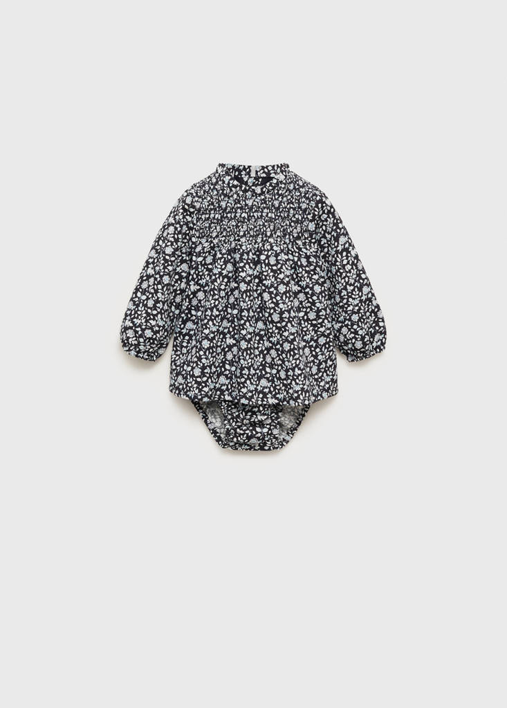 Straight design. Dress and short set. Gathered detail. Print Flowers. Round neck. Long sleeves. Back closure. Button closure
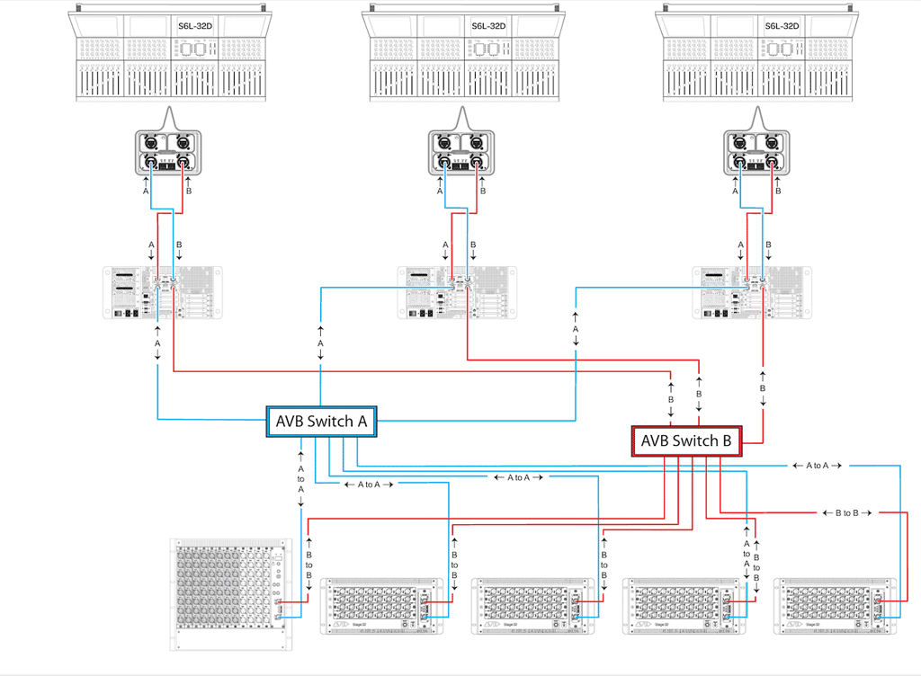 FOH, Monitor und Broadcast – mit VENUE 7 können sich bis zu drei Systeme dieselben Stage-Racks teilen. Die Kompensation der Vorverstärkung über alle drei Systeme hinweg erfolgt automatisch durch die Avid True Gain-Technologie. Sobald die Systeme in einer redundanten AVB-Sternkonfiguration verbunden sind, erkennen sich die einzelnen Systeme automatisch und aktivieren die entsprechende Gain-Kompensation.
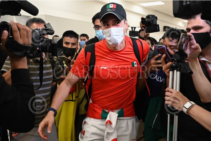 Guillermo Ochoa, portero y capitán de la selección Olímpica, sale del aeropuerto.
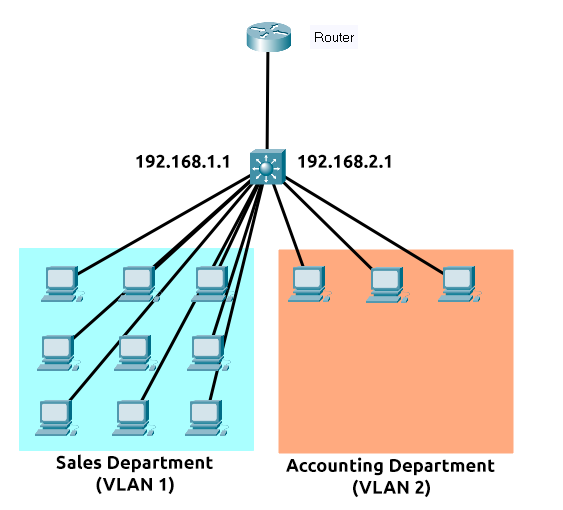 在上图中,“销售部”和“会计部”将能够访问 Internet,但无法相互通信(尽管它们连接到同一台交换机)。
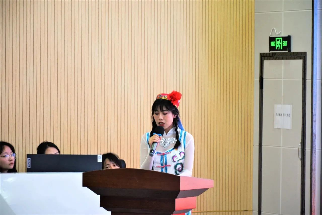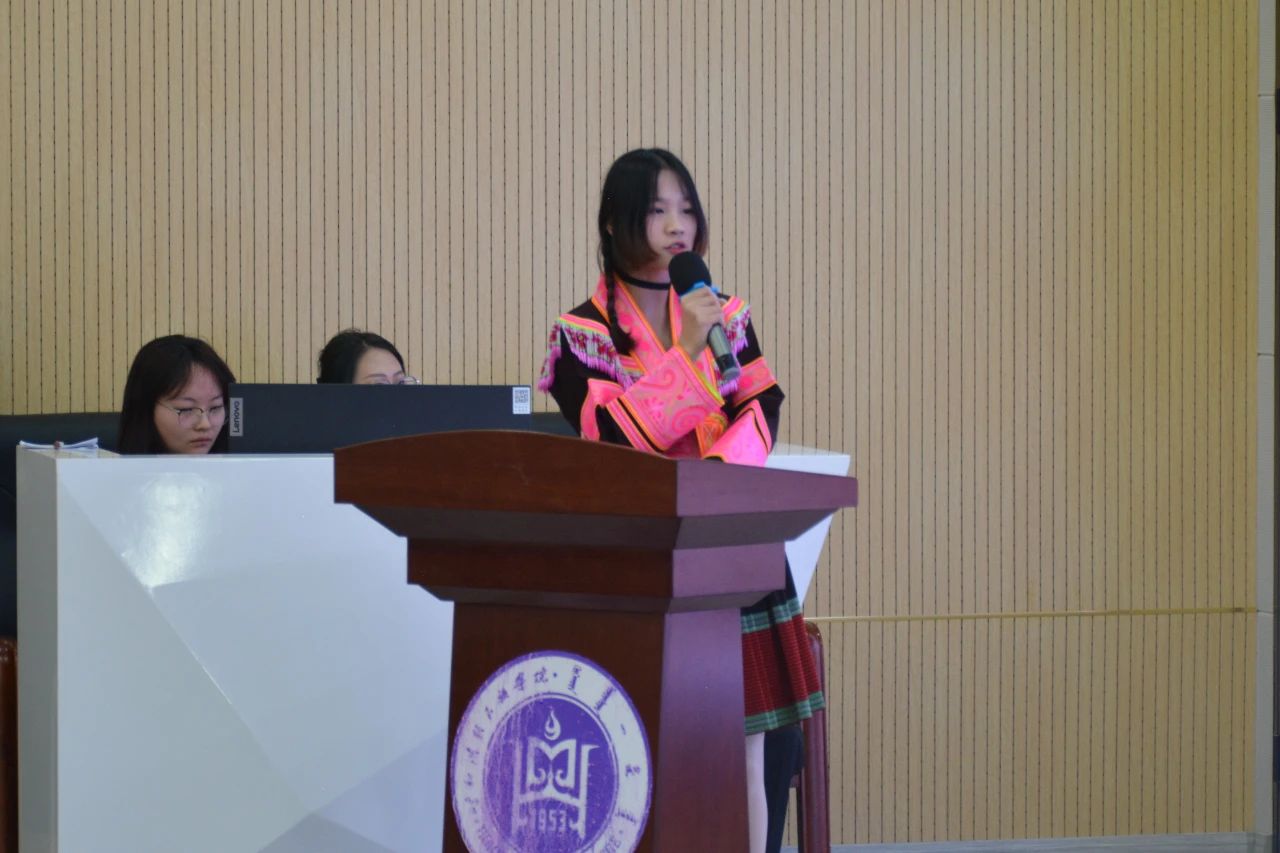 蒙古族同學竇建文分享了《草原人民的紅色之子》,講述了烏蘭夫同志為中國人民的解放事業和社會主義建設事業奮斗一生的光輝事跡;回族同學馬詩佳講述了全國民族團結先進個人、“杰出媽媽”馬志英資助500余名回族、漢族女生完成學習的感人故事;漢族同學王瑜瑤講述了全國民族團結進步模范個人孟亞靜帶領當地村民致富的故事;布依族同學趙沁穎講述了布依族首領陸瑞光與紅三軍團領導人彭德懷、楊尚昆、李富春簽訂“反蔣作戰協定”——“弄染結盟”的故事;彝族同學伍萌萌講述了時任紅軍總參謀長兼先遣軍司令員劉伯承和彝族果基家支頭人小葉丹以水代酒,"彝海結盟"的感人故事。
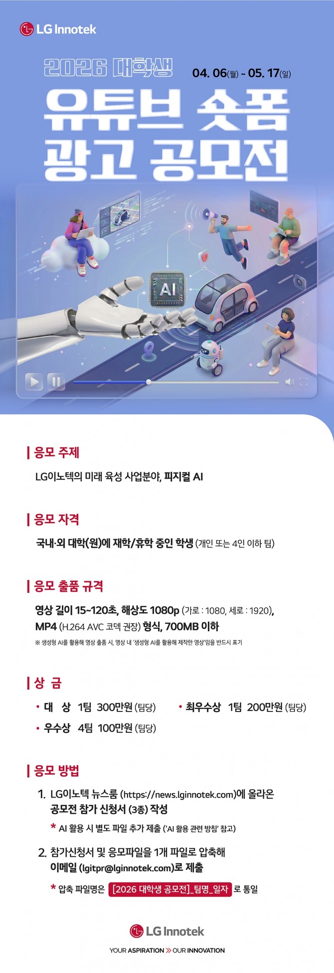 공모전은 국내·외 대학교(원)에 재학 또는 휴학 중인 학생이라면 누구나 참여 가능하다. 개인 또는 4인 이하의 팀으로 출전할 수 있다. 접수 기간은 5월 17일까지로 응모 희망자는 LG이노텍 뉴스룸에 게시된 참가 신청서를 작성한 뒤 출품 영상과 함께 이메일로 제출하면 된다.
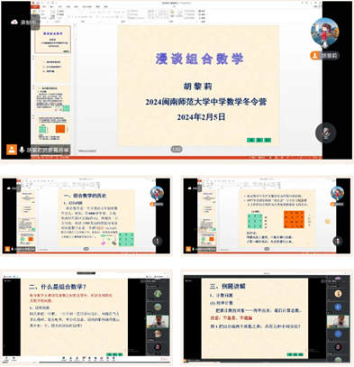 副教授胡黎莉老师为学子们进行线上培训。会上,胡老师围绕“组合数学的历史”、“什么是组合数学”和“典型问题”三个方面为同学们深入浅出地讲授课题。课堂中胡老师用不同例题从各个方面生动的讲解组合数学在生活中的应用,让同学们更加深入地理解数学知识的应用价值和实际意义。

________________________________________

» TASK STATEMENT
An exact restatement of the entries above is needed; no picture may appear in it.

» YOUR RESPONSE
 Straight design. Dress and short set. Gathered detail. Print Flowers. Round neck. Long sleeves. Back closure. Button closure
 FOH, Monitor und Broadcast – mit VENUE 7 können sich bis zu drei Systeme dieselben Stage-Racks teilen. Die Kompensation der Vorverstärkung über alle drei Systeme hinweg erfolgt automatisch durch die Avid True Gain-Technologie. Sobald die Systeme in einer redundanten AVB-Sternkonfiguration verbunden sind, erkennen sich die einzelnen Systeme automatisch und aktivieren die entsprechende Gain-Kompensation.
 Guillermo Ochoa, portero y capitán de la selección Olímpica, sale del aeropuerto.
 在上图中,“销售部”和“会计部”将能够访问 Internet,但无法相互通信(尽管它们连接到同一台交换机)。
 蒙古族同學竇建文分享了《草原人民的紅色之子》,講述了烏蘭夫同志為中國人民的解放事業和社會主義建設事業奮斗一生的光輝事跡;回族同學馬詩佳講述了全國民族團結先進個人、“杰出媽媽”馬志英資助500余名回族、漢族女生完成學習的感人故事;漢族同學王瑜瑤講述了全國民族團結進步模范個人孟亞靜帶領當地村民致富的故事;布依族同學趙沁穎講述了布依族首領陸瑞光與紅三軍團領導人彭德懷、楊尚昆、李富春簽訂“反蔣作戰協定”——“弄染結盟”的故事;彝族同學伍萌萌講述了時任紅軍總參謀長兼先遣軍司令員劉伯承和彝族果基家支頭人小葉丹以水代酒,"彝海結盟"的感人故事。
 공모전은 국내·외 대학교(원)에 재학 또는 휴학 중인 학생이라면 누구나 참여 가능하다. 개인 또는 4인 이하의 팀으로 출전할 수 있다. 접수 기간은 5월 17일까지로 응모 희망자는 LG이노텍 뉴스룸에 게시된 참가 신청서를 작성한 뒤 출품 영상과 함께 이메일로 제출하면 된다.
 副教授胡黎莉老师为学子们进行线上培训。会上,胡老师围绕“组合数学的历史”、“什么是组合数学”和“典型问题”三个方面为同学们深入浅出地讲授课题。课堂中胡老师用不同例题从各个方面生动的讲解组合数学在生活中的应用,让同学们更加深入地理解数学知识的应用价值和实际意义。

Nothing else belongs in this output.